А символом Дудуток стал ветряк, который Будинас с какими-то авантюрными приключениями приволок из Гомельской области. И про который с полным основанием можно сказать: «Вас тут не стояло». Ну не было никогда на Птичи ветряных мельниц! Я знаю многих скептиков, которые возражали против такого «искажения исторической правды». Но сегодня я слышу совершенно иные речи. Залезает экскурсант на самую верхотуру, обозревает дали и восхищенно произносит:
— Да, умели предки ставить! Умели место выбрать! Нынешним слабо...
3
Приехал из Москвы и узнал, что Будинас уволил с работы замечательного фотографа, который очень много делал для налаживания производства ценных и защищенных бумаг — тогдашнего нашего «кормящего промысла». И уволил за то, что тот приехал на работу на недавно купленном «Мерседесе». Будинас осмотрел машину, узнал, почем она обошлась, видимо, поделил в уме эту сумму на зарплату фотографа и немедленно издал приказ.
Я заскочил к нему в кабинет и заорал:
— Что ты наделал! Это же наш самый ценный работник! Как ты можешь вредить собственному предприятию! Ты же директор!
А Будинас важно ответил:
— Я не директор — я хозяин.
Виктор Станкевич
Очередной день рождения Будинаса, 18 февраля какого-то года, с размахом отмечали в Дудутках. Народу собралось много. Бражничали в музее.
В самый разгар застолья пьющий только пиво якобы американский журналист Питер (род его истинных занятий так никто и не определил) с подружкой-француженкой Мишель отправились париться. К слову сказать, баня от музея находилась в полутора километрах.
Через какое-то непродолжительное время к музею прибежала не вполне одетая, лишь в наброшенной шубке, Мишель с сообщением, что баня горит. Раздались крики гостей: «Пожар!», началась суматоха. Наиболее решительные и стойкие кинулись к бане.
Огонь тушили азартно, пока не поняли, что это абсолютно бесполезно — перегородки под обшивкой уже пылали, как угли. Борьбу с огнем решили прекратить. Успели только снять столешницу подвесного стола и подвесные сидения. Очень скоро баня превратилась в огромный костер.
Послали за водкой. Наполнили стаканы. Выпили, завороженно глядя на огонь. Баню, конечно, жалко, но зрелище было потрясающее!
Вдруг, в этой полной тишине, нарушаемой лишь треском горящего дерева, к Будинасу подошел сторож бани (кажется, Гришка), отвечавший как раз за ее сохранность. Он поднял стакан водки и торжественно произнес: «С днем рождения, Евгений Доминикович!».
Встреча в администрации
Будинасу позарез нужно было встретиться с важным чиновником, который делал жизнь «Полифакта» невыносимой.

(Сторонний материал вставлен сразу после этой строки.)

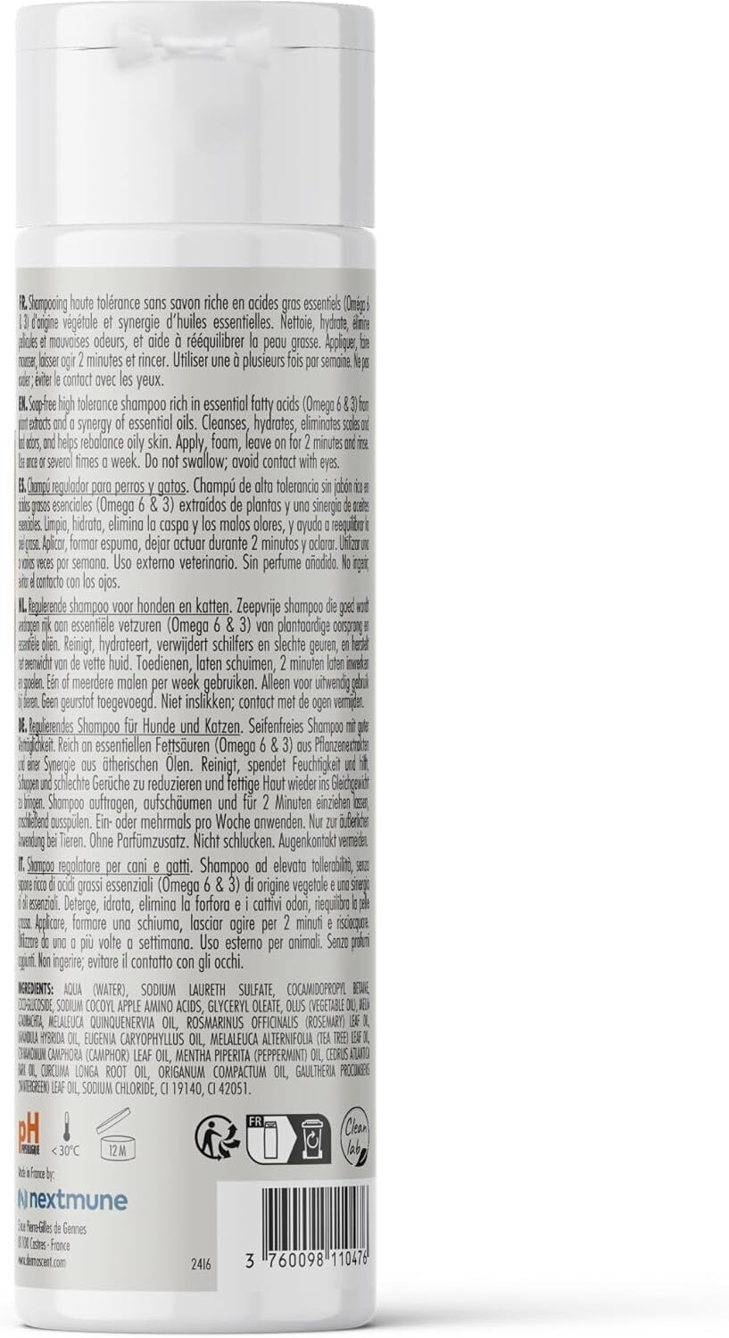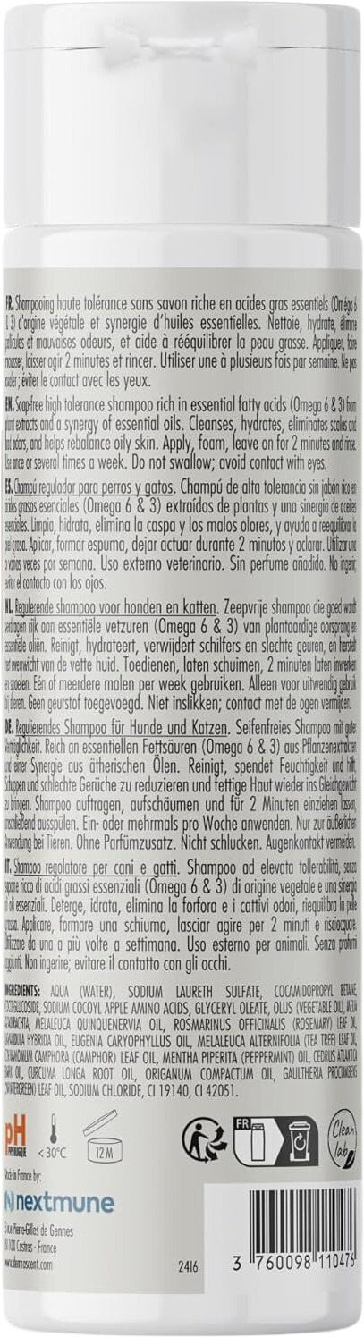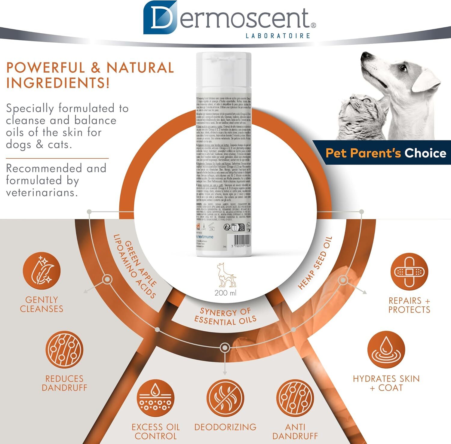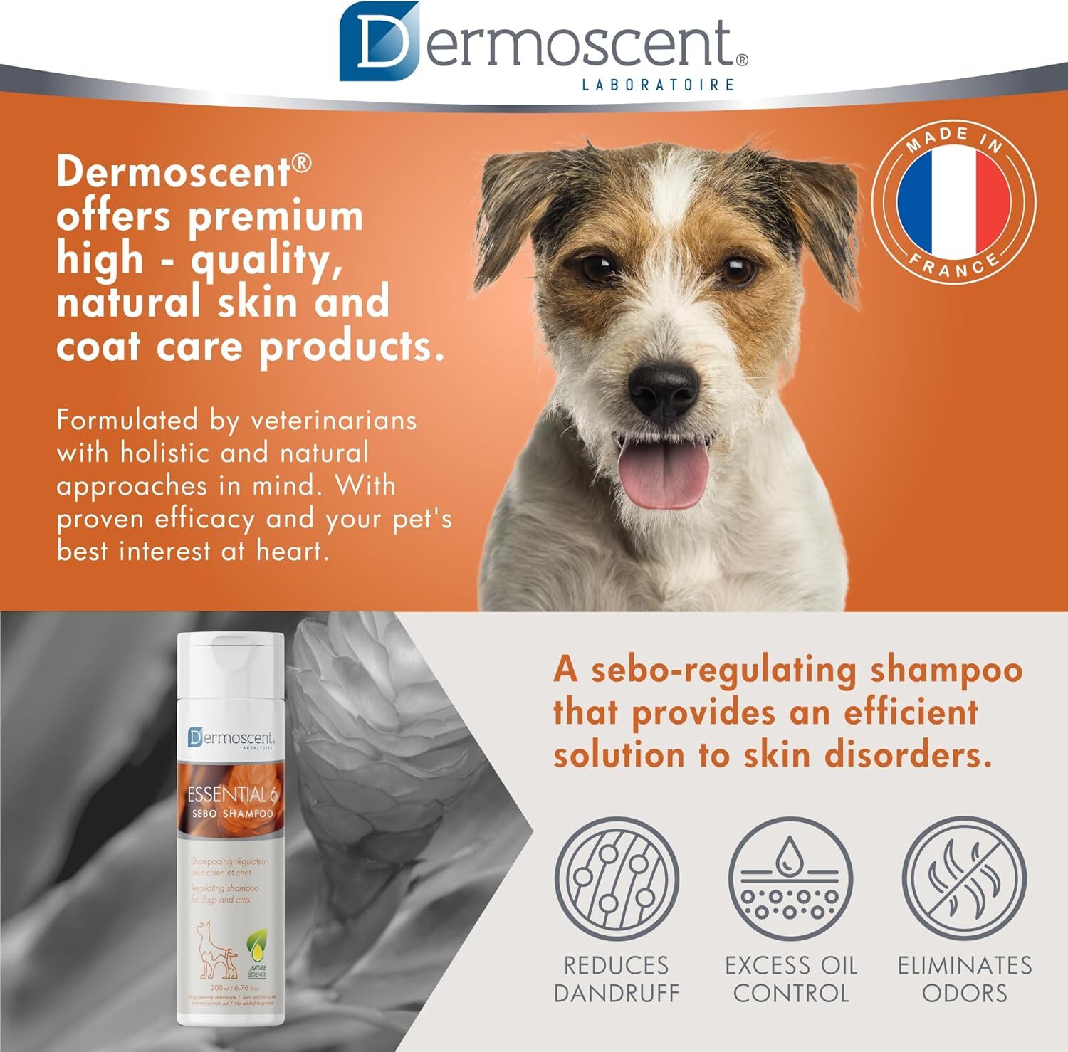 Állatorvosi vélemény: az állatok bőrének pH-ja eltér az emberétől, ezért mindig kifejezetten nekik kifejlesztett termékeket érdemes használni. A Dermoscent Essential 6 Sebo Shampoo ideális választás a kerato-szeborreás állapotok (korpásodás, zsíros vagy túl száraz szőrzet, kellemetlen szag) kezelésére, mivel természetes illóolajokat tartalmaz, amelyek szabályozzák a faggyútermelést és gátolják a korpa kialakulását. A természetes hatóanyagok nem elfedik, hanem semlegesítik a kellemetlen szagokat.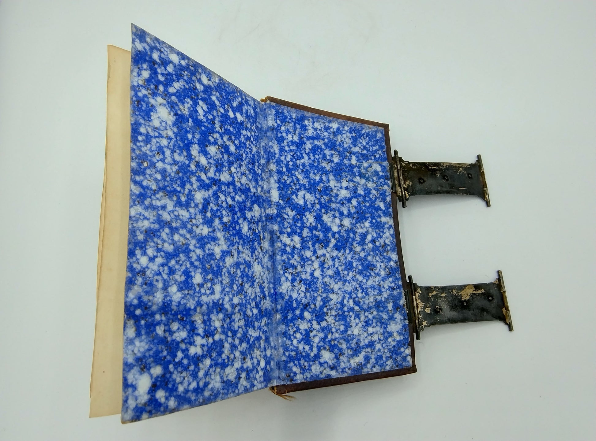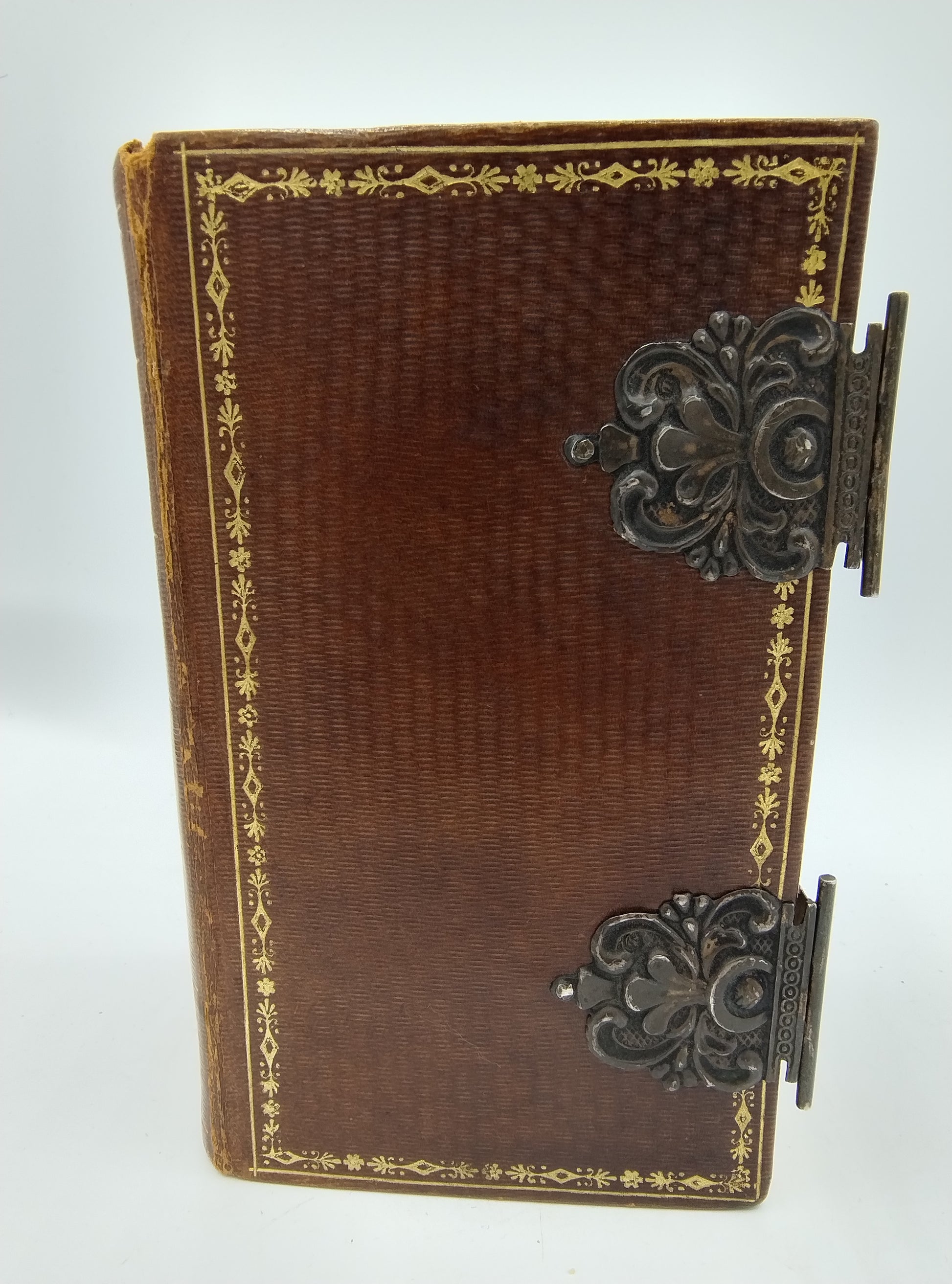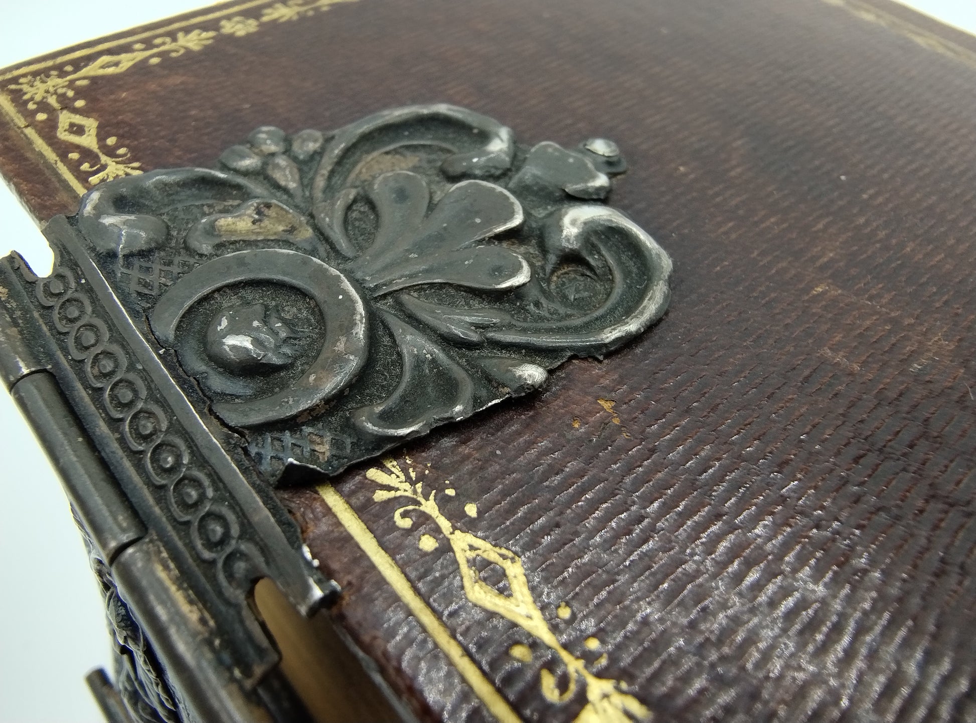 De Bijbel is voorzien van 2 zilveren sloten in Biedermeier stijl en gebonden in rood marokijn leer met goudopdruk.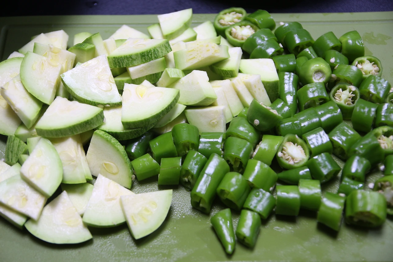 애호박은 반달 모양으로 썰고, 고추는 1cm 두께로, 양파는 깍둑 모양으로 썬다.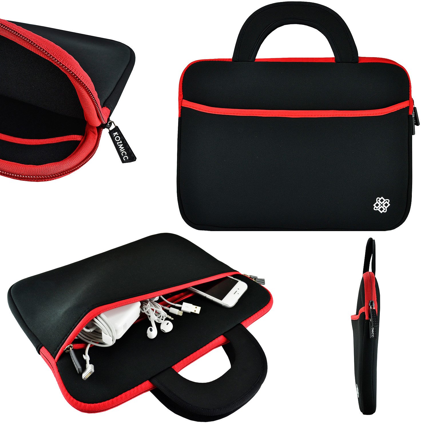 A black and red laptop sleeve with a zipper closure is displayed in a product showcase. The sleeve has a red trim and a small logo on the front. Inside the sleeve, there is a black and red smartphone case with a red trim and a small logo on the back. The smartphone case has a white charging cable and a pair of white earbuds with a white charging case inside it. | KOZMICC Black/Red Neoprene Sleeve Case with Handle for 13'' - 13.3'' Inch Laptop, Ultrabook, & the 13'' - 13.3'' Inch Apple Macbook Pro / Air | 81e31a15996002244aaac357534e3125cf7c52ec6ff6e2284c2e5242f42b44c5 | 001229720448 | 0 | 0 | 72 | 25 | 0 | 0 | |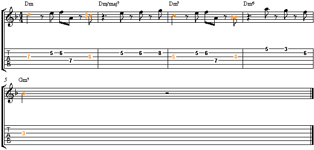 | Over Dm7 | 1 b3 11 5 b7 |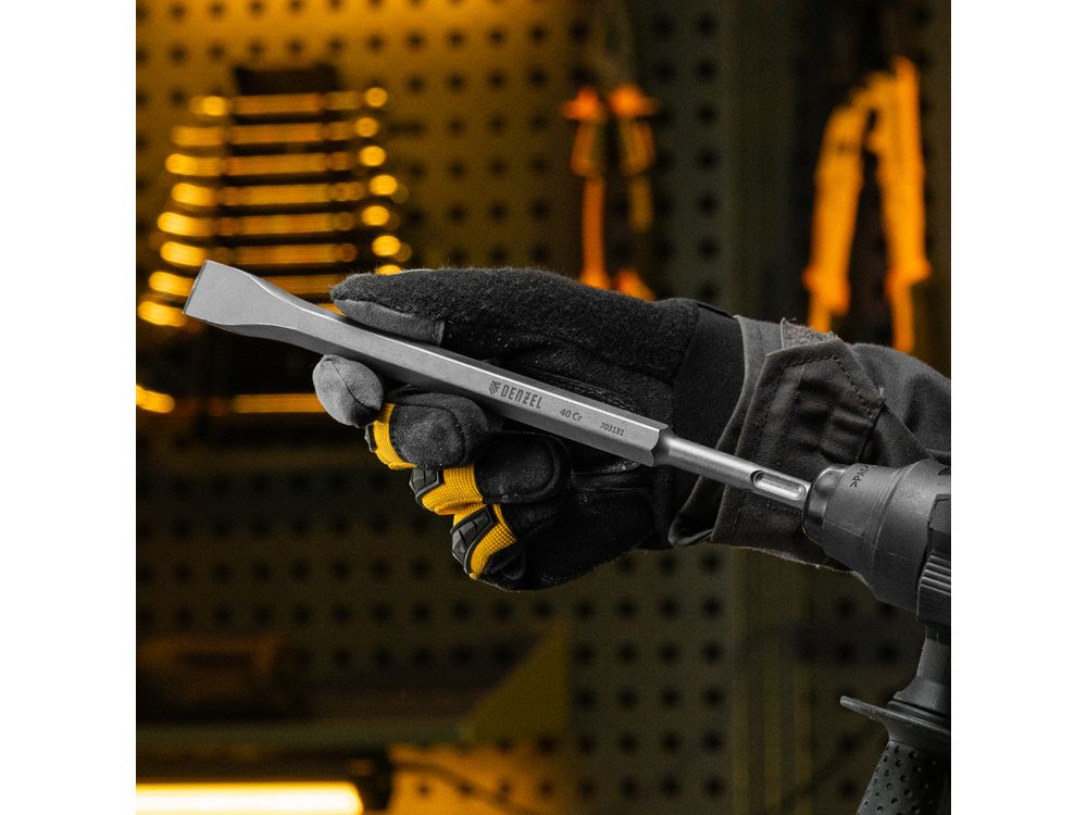 Зубило Denzel 703131 размером 14 x 20 x 250 мм, из стали 40Cr, с хвостовиком SDS-plus — оснастка для перфоратора. Предназначено для выполнения ударных, демонтажных работ с твердыми материалами, такими как камень, бетон, кирпич. Пригодится на строительной площадке.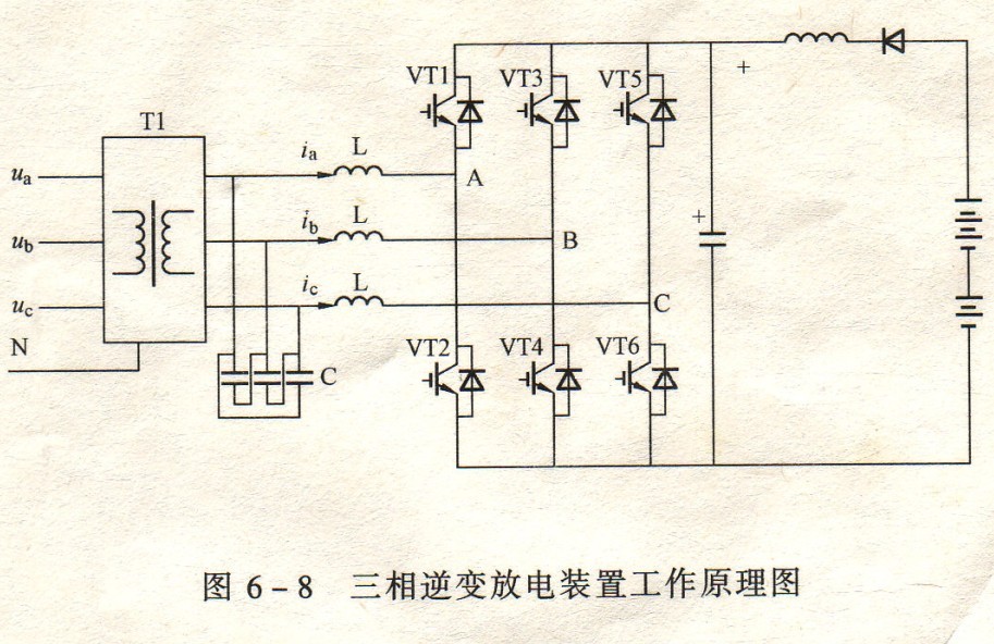 三相交流輸出,采用三相高頻PWM整流逆變電路,一方面控制蓄電池恒流放電,另一方面將蓄電池釋放的能量反饋回電網(wǎng),并控制流入電網(wǎng)的電流接近正弦波。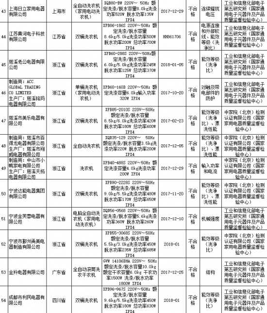 2018年第2批,共抽查了54家企业生产的54批次家用电动洗衣机。抽查发现共有个批次的产品不符合标准的规定,涉及的不合格项目有对触及带电部件的防护、输入功率和电流、机械强度、结构、电源连接和外部软线、漂洗性能、洗净比、连续骚扰电压项目。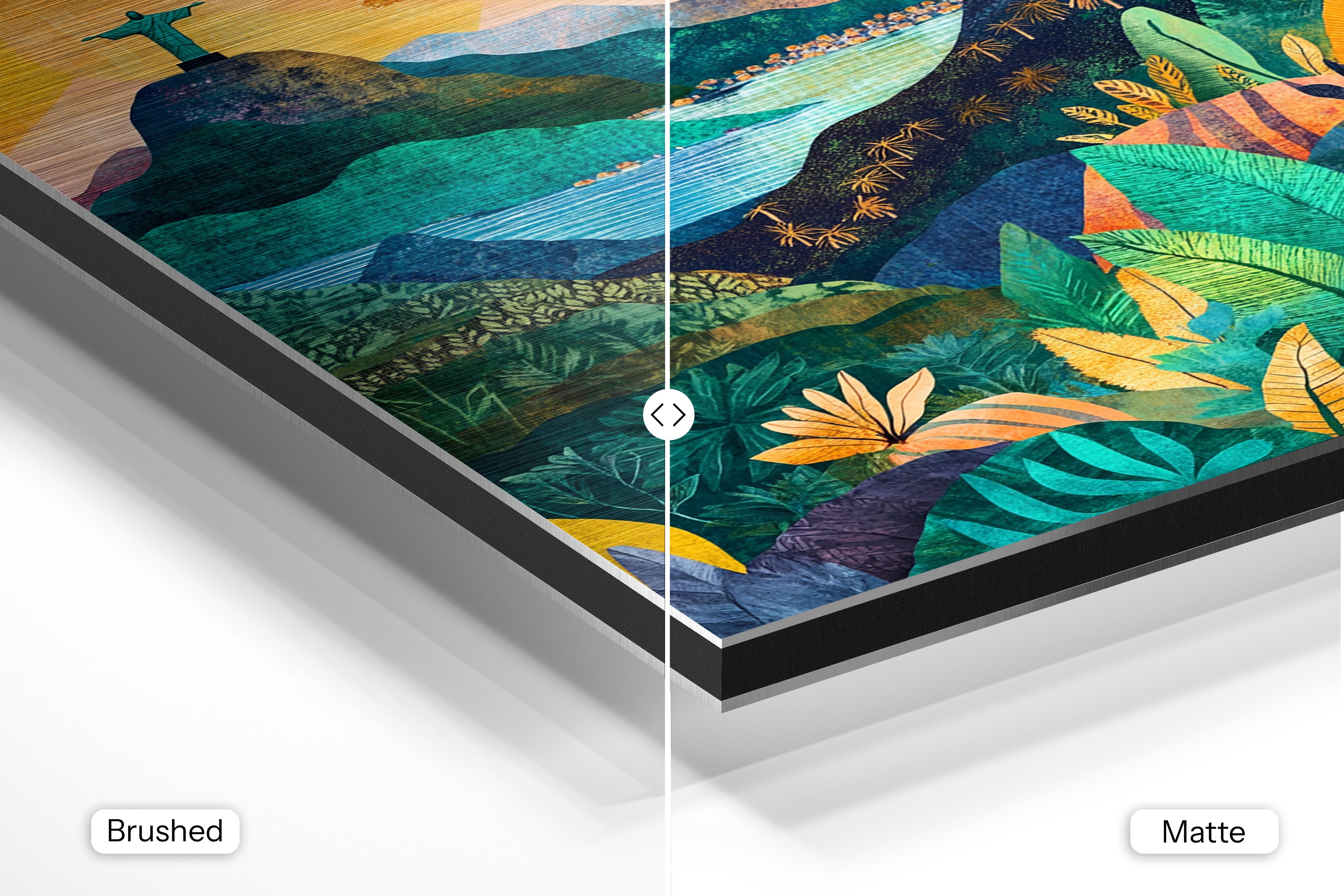 - Brushed Aluminum, on the other hand, features a raw metallic texture with visible brush strokes. Whites and highlights in your image let the silver surface show through, adding a dramatic, shimmering effect. Ideal for black-and-white images, minimalist designs, or abstract art, it creates a bold, industrial vibe with a modern edge.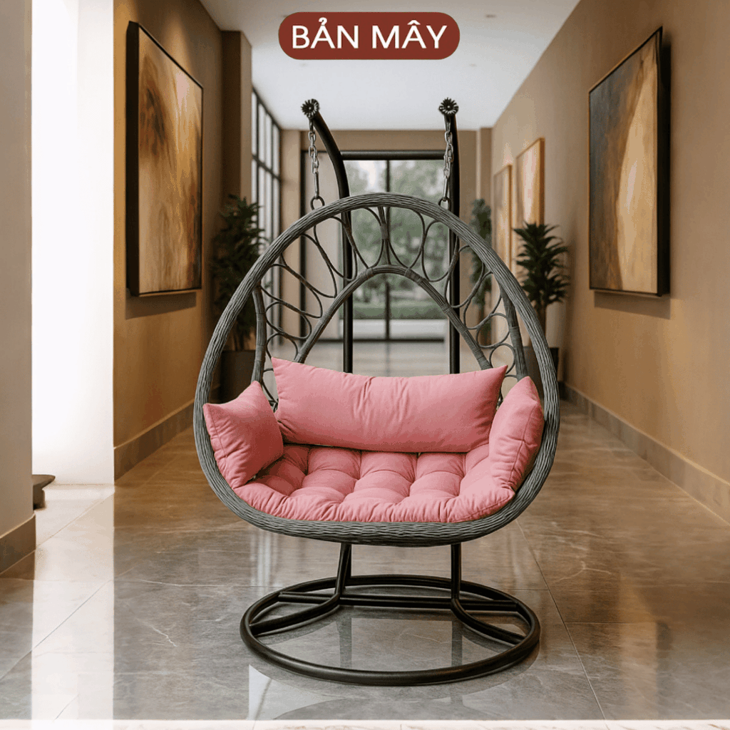 Hãy để xích đu oval đệm hồng trở thành điểm nhấn tinh tế cho ngôi nhà của bạn. Đừng bỏ lỡ cơ hội sở hữu sản phẩm vừa bền đẹp vừa mang giá trị thẩm mỹ cao. Đặt hàng ngay hôm nay qua hotline 0813.479.354 để tận hưởng cảm giác thư giãn tuyệt vời trong không gian của riêng mình
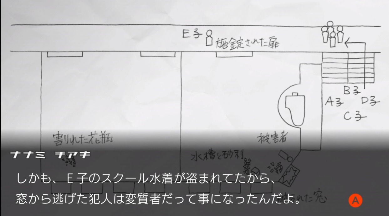 - 言弾「散乱した水槽」「犯人の逃走経路」「盗まれた水着」

После многочисленных обращений чиновник согласился его принять, обозначив, что отводит на встречу ровно четыре минуты.
Как только Будинас зашел в кабинет, чиновник, даже не поздоровавшись, начал крыть на чем свет стоит и «Полифакт», и Будинаса, и все, что с ними связано. Орал, не прерываясь ни на секунду.
Какое-то время Будинас постоял, послушал. Потом развернулся к выходу.
— Куда? — аж взвился чиновник.
— Четыре минуты истекли, — Будинас постучал по циферблату часов. — А ты — козел вонючий.
И вышел из кабинета.
Чиновник нагнал Будинаса уже на лестнице, едва упросил вернуться в кабинет, даже достал из сейфа бутылку коньяка. Проговорили они добрых полчаса.
Жаль, пользы от этой встречи для «Полифакта» не было никакой.
Сергей Сергачев
При всей демонстрации Будинасом своей жизненной прожженности и ушлости, при всех его способностях, как ему казалось, разбираться в специфике и тонкостях многих профессий, он мог поразить и своей невероятной наивностью. Вот один из примеров.
Когда «Дудутки» начали превращаться в нечто реальное, рабочие приступили к обустройству родника на берегу Птичи. Им все объяснили, завезли необходимые материалы. Но вдруг я вижу, что кладку подпорной стенки начали неправильно: камни не выбирают, а используют те, что первыми под руку подвернулись. В итоге камни из плоскости подпорной стенки торчат, как попало; одним словом, не конструктивно, а потому и некрасиво. Я предложил мастерам, пока есть возможность, первые ряды разобрать и переделать, объяснил, как именно. Они согласно покивали головами, и на этом я успокоенный уехал.
Вопли и крики Будинаса я услыхал издали, когда через несколько дней приехал в будущие «Дудутки». Ругал Будинас все на свете: и камни, и стенку, и родник, и рабочих, и погоду, причем, многократно и в разной последовательности. Каково же было мое удивление, когда выяснилось, что источник его невероятно тяжких страданий не кто иной, как я.